Line by line, set down all the data below exactly, omitting any picture.

#### RECORDS FOR THE TASK

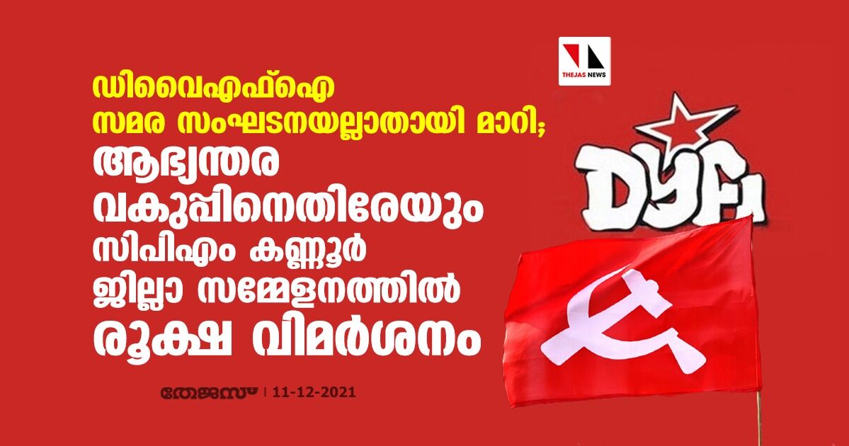 ഡിവൈഎഫ്ഐ സമര സംഘടനയല്ലാതായി മാറി; ആഭ്യന്തര വകുപ്പിനെതിരേയും സിപിഎം കണ്ണൂര് ജില്ലാ സമ്മേളനത്തിൽ രൂക്ഷ വിമർശനം
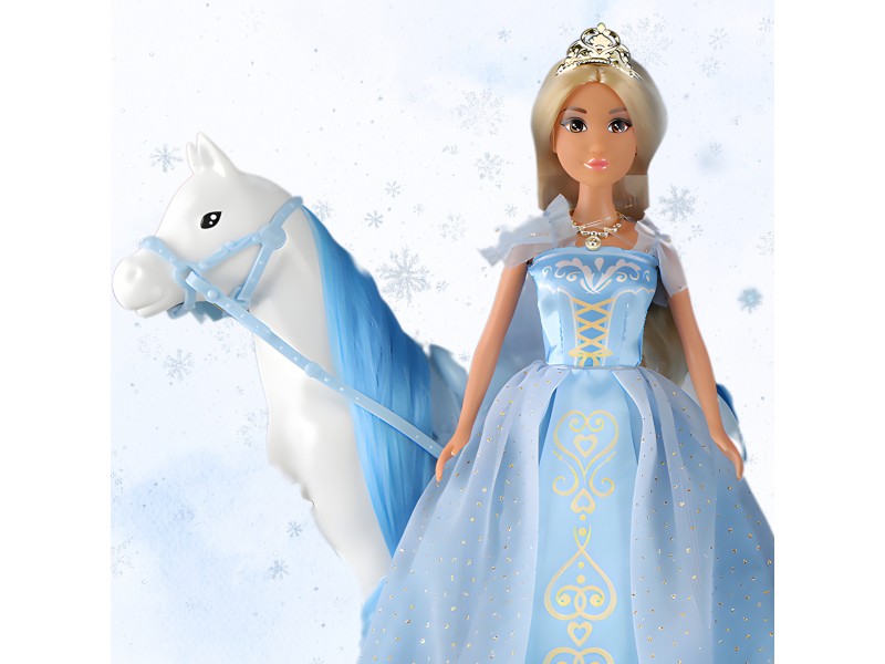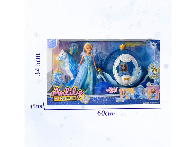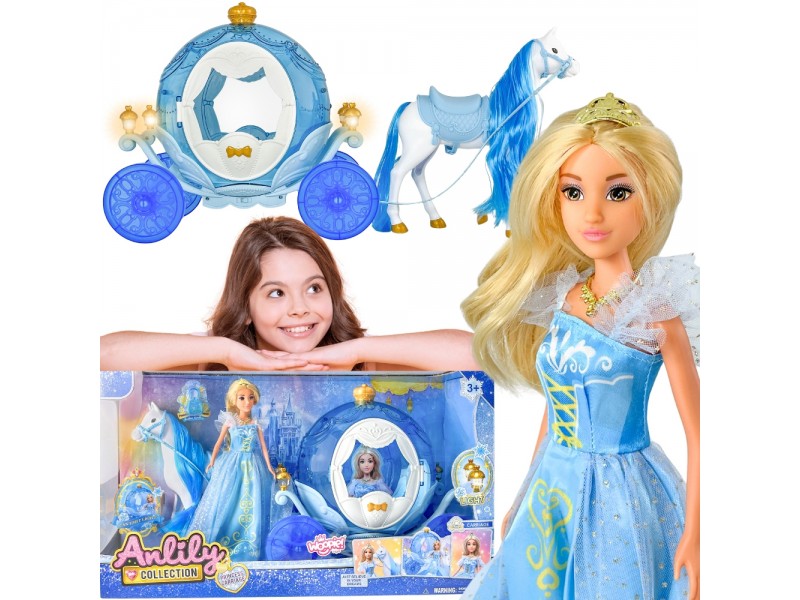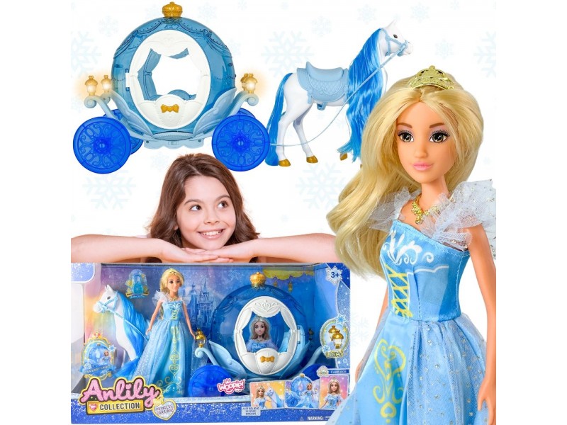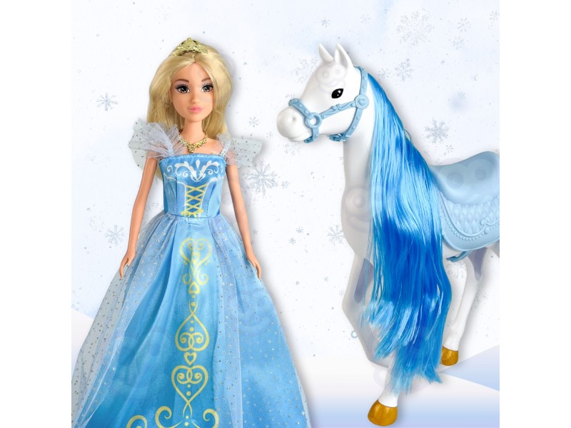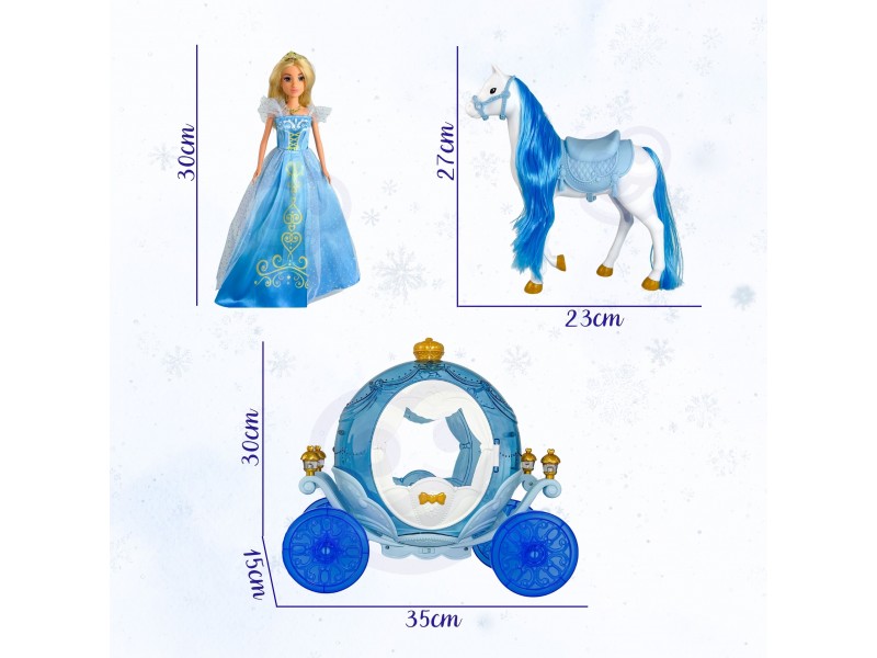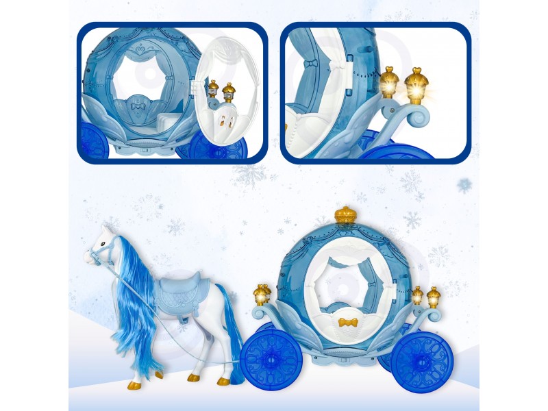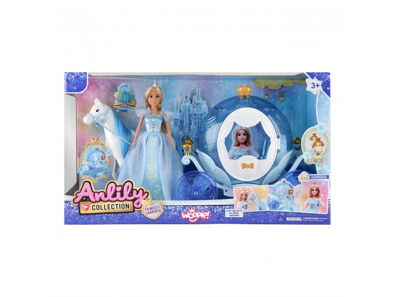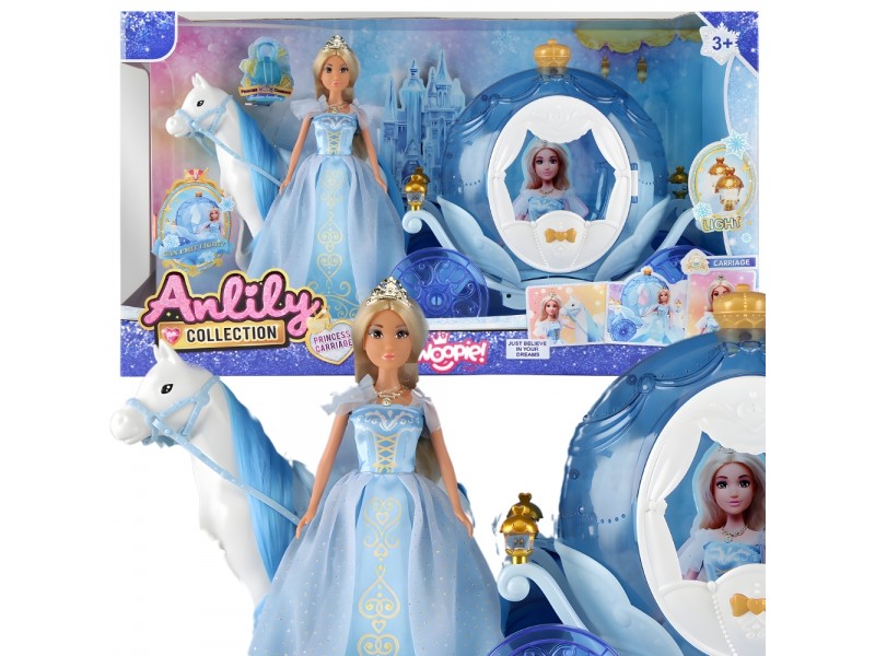 Wyrusz w magiczną podróż do krainy lodu z zestawem LODOWA KSIĘŻNICZKA I MAGICZNY POWÓZ ŚWIECĄCY od marki Woopie! Ten bajkowy zestaw to idealny prezent dla małych królowych śniegu od 3 roku życia. W skład zestawu wchodzi piękna lalka księżniczka w błękitnej, połyskującej sukni, elegancki biały koń oraz lodowy powóz w kształcie dyni. Powóz ma unikalny, błękitny, przezroczysty design i posiada niesamowite efekty świetlne podczas zabawy. Lalka ma długie blond włosy i królewski diadem. Odgrywanie ról nigdy nie było tak wciągające!
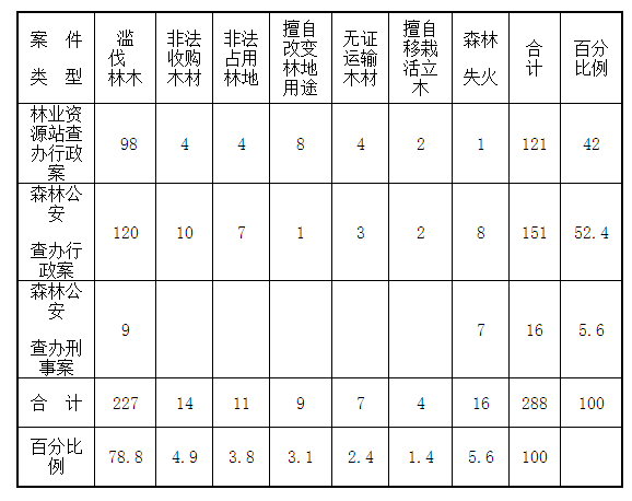 (四)涉林案件查处力度不大,以打促防效果不佳。2013年以来,县林业局森林资源站和森林公安局办案来源绝大多数是群众举报,主动发现案件线索很少。所办案件刑事处罚少,经济处罚多,查办的288件涉林案件中,刑事案件16件仅占5.6%,其中滥伐林木案9件,森林失火案7件。办案节奏缓慢,有的案件大半年时间内还未侦查终结,16件刑事案件法院已作出有罪判决7件,其中5件是失火案件,只有2件是滥伐林木案件。按规定对乱砍滥伐林木者,除给予经济和刑事处罚外,还要责令其补种砍伐滥伐数量5倍以上的林木,这项规定基本没有执行。办案中存在办人情案、关系案、金钱案现象,罚款了事,仅仅是为办案而办案,为查处而查处,结合办案预防教育工作未有效开展。由于处罚不到位,作案人员觉得无所谓,一旦被查,就四处通关系、搞勾兑,未把林业执法放在眼里,在一定程度上藐视林业执法,因而屡罚不改、多次重复作案者甚多,执法办案的法律效果、社会效果未能充分显现。
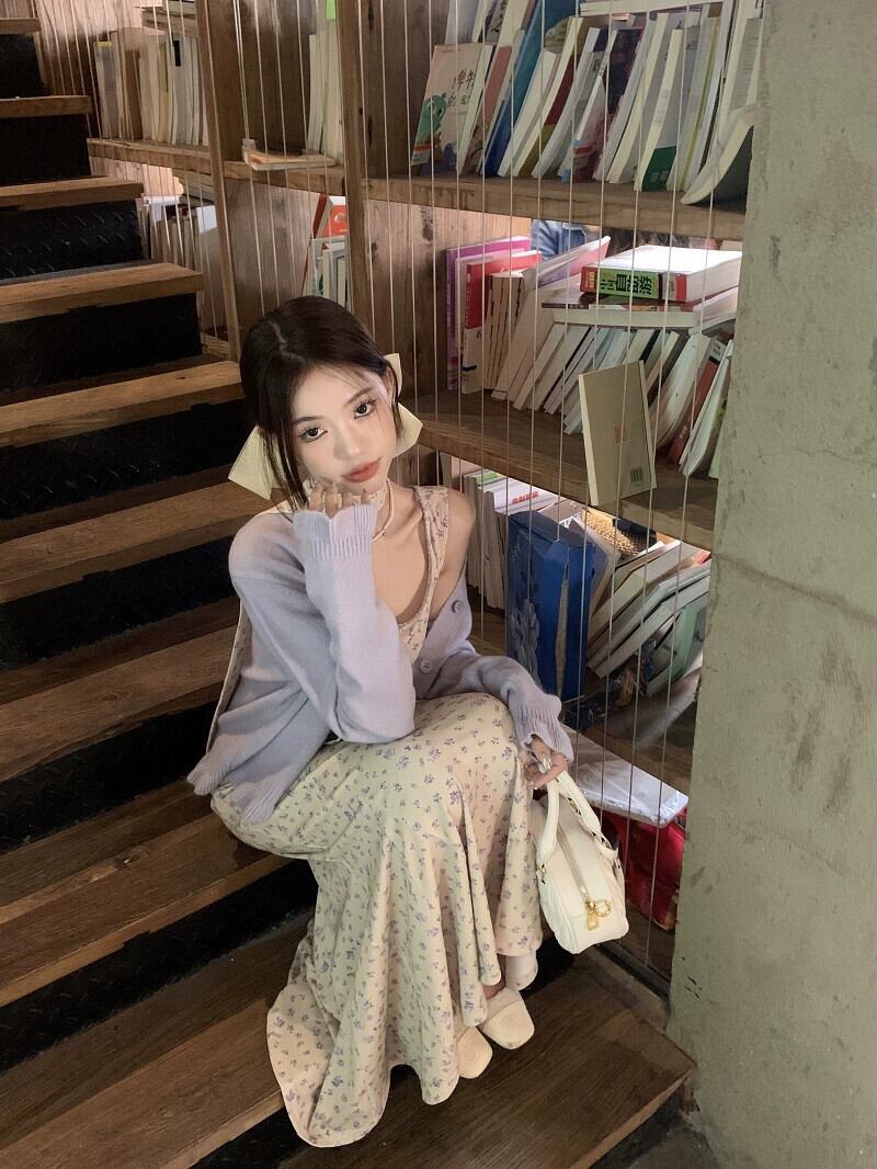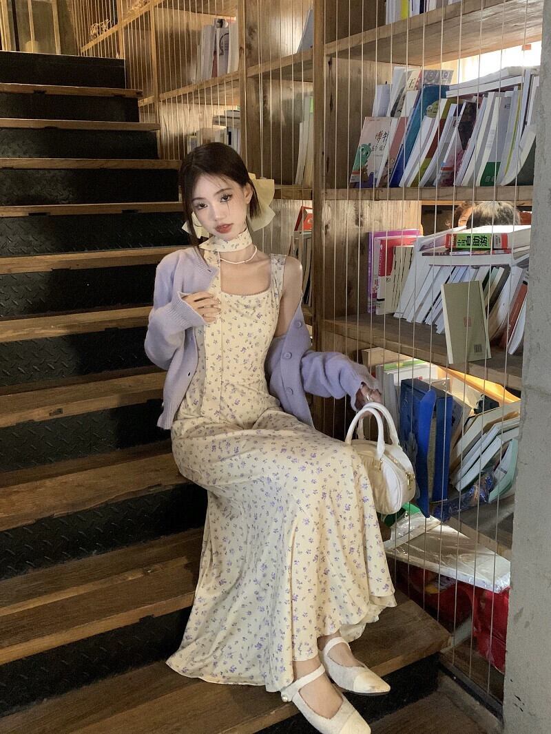 優しいスタイルの花サスペンダードレス女性春のフレンチスタイルウエスト痩身フィッシュテールスカート海辺の休暇ロングドレス スプリング 春物 花柄 missk47759984243
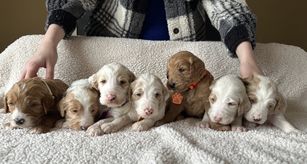 Our puppies include cream, apricot, red, and parti. Colors will vary depending on the parent dogs.
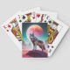 A wolf on a distant planet, with a surreal, colourful landscape and a large, prominent moon in the background.
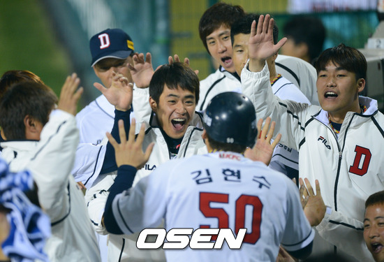 5회말 2사 3루 윤석민 역전 적시타때 3루 주자 김현수 득점을 올리며 덕아웃 동료들의 환영을 받고 있다.
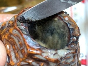 The tip of the Savinelli Fitsall Tool is also used to scrape the lava crust in the crevasses.
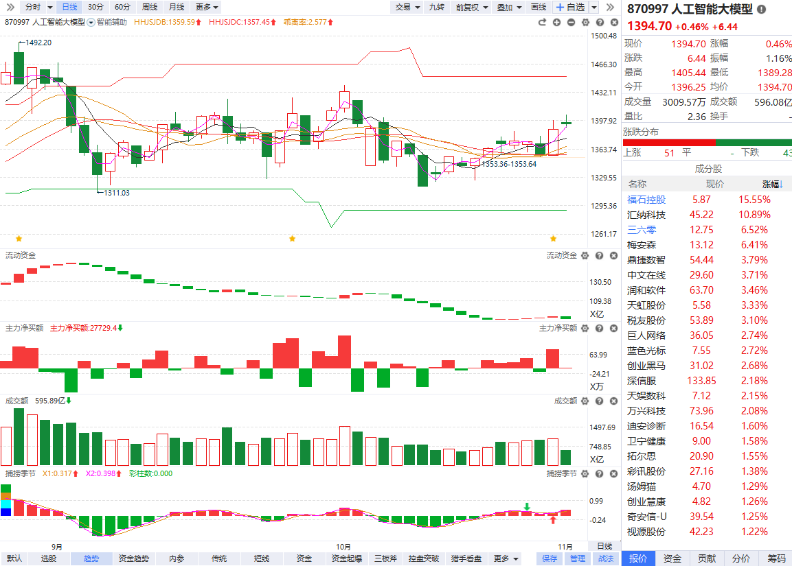 根据软件信号,板块近期流动资金持续翻红,主力净买额红肥绿瘦,高位AI硬件滞涨后,成为硬切软的高低切换方向。不过一般AI方向的炒作从硬件切换软件后,往往就接近阶段性炒作尾声了,需要注意反弹后再次分化的风险。
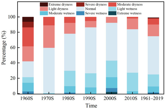 Percentage of dryness and wetness classes occurring in Henan Province during 1961–2019.
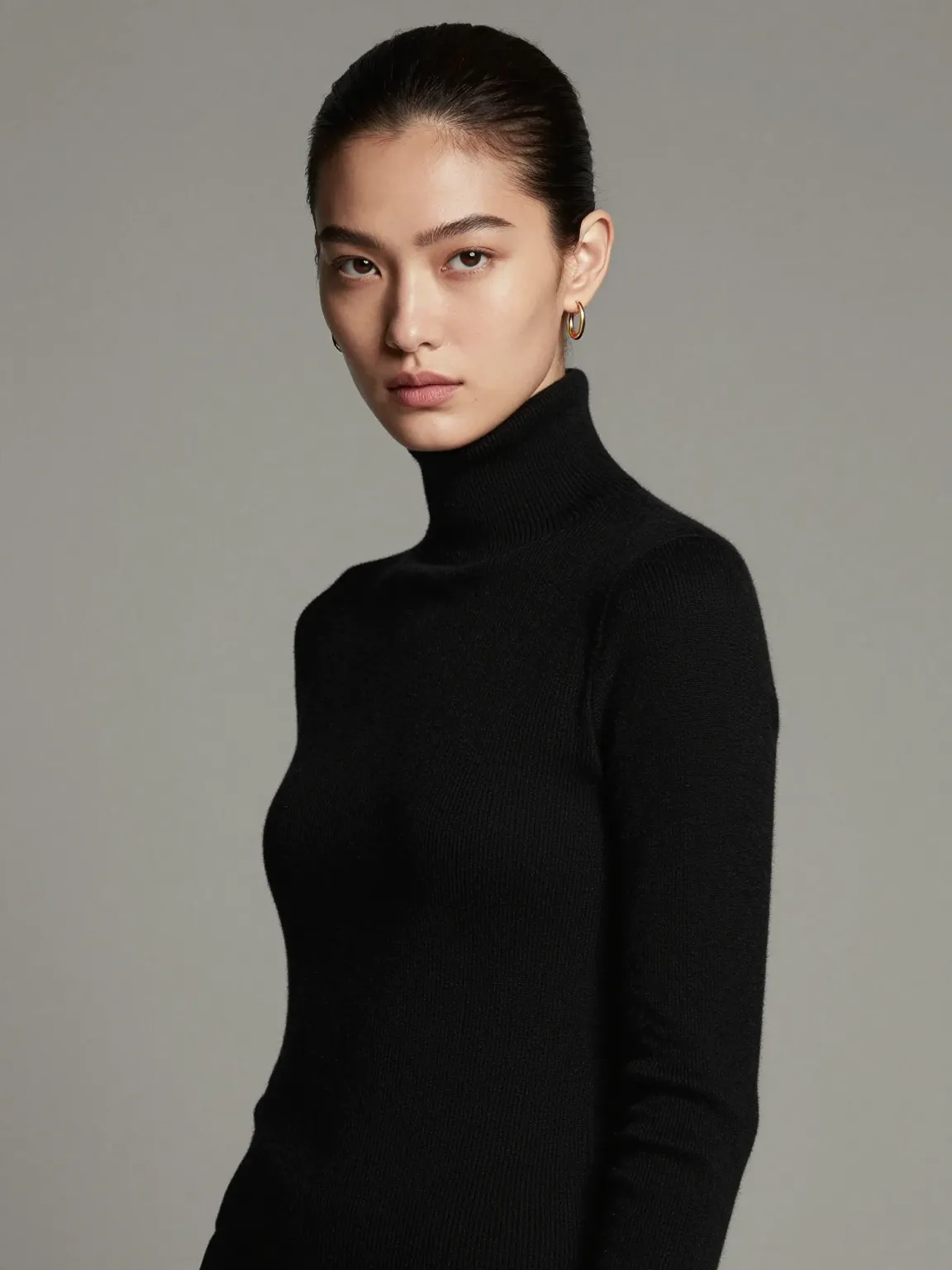 Outfit: black ribbed turtleneck knit sweater, tailored fit, matte texture. Accessories: minimalist small gold hoop earrings, no other jewelry.
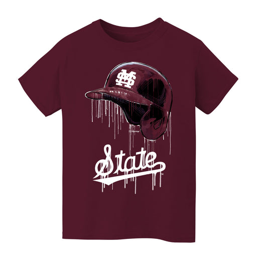 Mississippi State Bulldogs Original Dripping Baseball Helmet Maroon Boys T-Shirt by Vive La Fete

########

_TASK RESULT_:
 ഡിവൈഎഫ്ഐ സമര സംഘടനയല്ലാതായി മാറി; ആഭ്യന്തര വകുപ്പിനെതിരേയും സിപിഎം കണ്ണൂര് ജില്ലാ സമ്മേളനത്തിൽ രൂക്ഷ വിമർശനം
 Wyrusz w magiczną podróż do krainy lodu z zestawem LODOWA KSIĘŻNICZKA I MAGICZNY POWÓZ ŚWIECĄCY od marki Woopie! Ten bajkowy zestaw to idealny prezent dla małych królowych śniegu od 3 roku życia. W skład zestawu wchodzi piękna lalka księżniczka w błękitnej, połyskującej sukni, elegancki biały koń oraz lodowy powóz w kształcie dyni. Powóz ma unikalny, błękitny, przezroczysty design i posiada niesamowite efekty świetlne podczas zabawy. Lalka ma długie blond włosy i królewski diadem. Odgrywanie ról nigdy nie było tak wciągające!
 (四)涉林案件查处力度不大,以打促防效果不佳。2013年以来,县林业局森林资源站和森林公安局办案来源绝大多数是群众举报,主动发现案件线索很少。所办案件刑事处罚少,经济处罚多,查办的288件涉林案件中,刑事案件16件仅占5.6%,其中滥伐林木案9件,森林失火案7件。办案节奏缓慢,有的案件大半年时间内还未侦查终结,16件刑事案件法院已作出有罪判决7件,其中5件是失火案件,只有2件是滥伐林木案件。按规定对乱砍滥伐林木者,除给予经济和刑事处罚外,还要责令其补种砍伐滥伐数量5倍以上的林木,这项规定基本没有执行。办案中存在办人情案、关系案、金钱案现象,罚款了事,仅仅是为办案而办案,为查处而查处,结合办案预防教育工作未有效开展。由于处罚不到位,作案人员觉得无所谓,一旦被查,就四处通关系、搞勾兑,未把林业执法放在眼里,在一定程度上藐视林业执法,因而屡罚不改、多次重复作案者甚多,执法办案的法律效果、社会效果未能充分显现。
 優しいスタイルの花サスペンダードレス女性春のフレンチスタイルウエスト痩身フィッシュテールスカート海辺の休暇ロングドレス スプリング 春物 花柄 missk47759984243
 Our puppies include cream, apricot, red, and parti. Colors will vary depending on the parent dogs.
 A wolf on a distant planet, with a surreal, colourful landscape and a large, prominent moon in the background.
 5회말 2사 3루 윤석민 역전 적시타때 3루 주자 김현수 득점을 올리며 덕아웃 동료들의 환영을 받고 있다.
 The tip of the Savinelli Fitsall Tool is also used to scrape the lava crust in the crevasses.
 根据软件信号,板块近期流动资金持续翻红,主力净买额红肥绿瘦,高位AI硬件滞涨后,成为硬切软的高低切换方向。不过一般AI方向的炒作从硬件切换软件后,往往就接近阶段性炒作尾声了,需要注意反弹后再次分化的风险。
 Percentage of dryness and wetness classes occurring in Henan Province during 1961–2019.
 Outfit: black ribbed turtleneck knit sweater, tailored fit, matte texture. Accessories: minimalist small gold hoop earrings, no other jewelry.
 Mississippi State Bulldogs Original Dripping Baseball Helmet Maroon Boys T-Shirt by Vive La Fete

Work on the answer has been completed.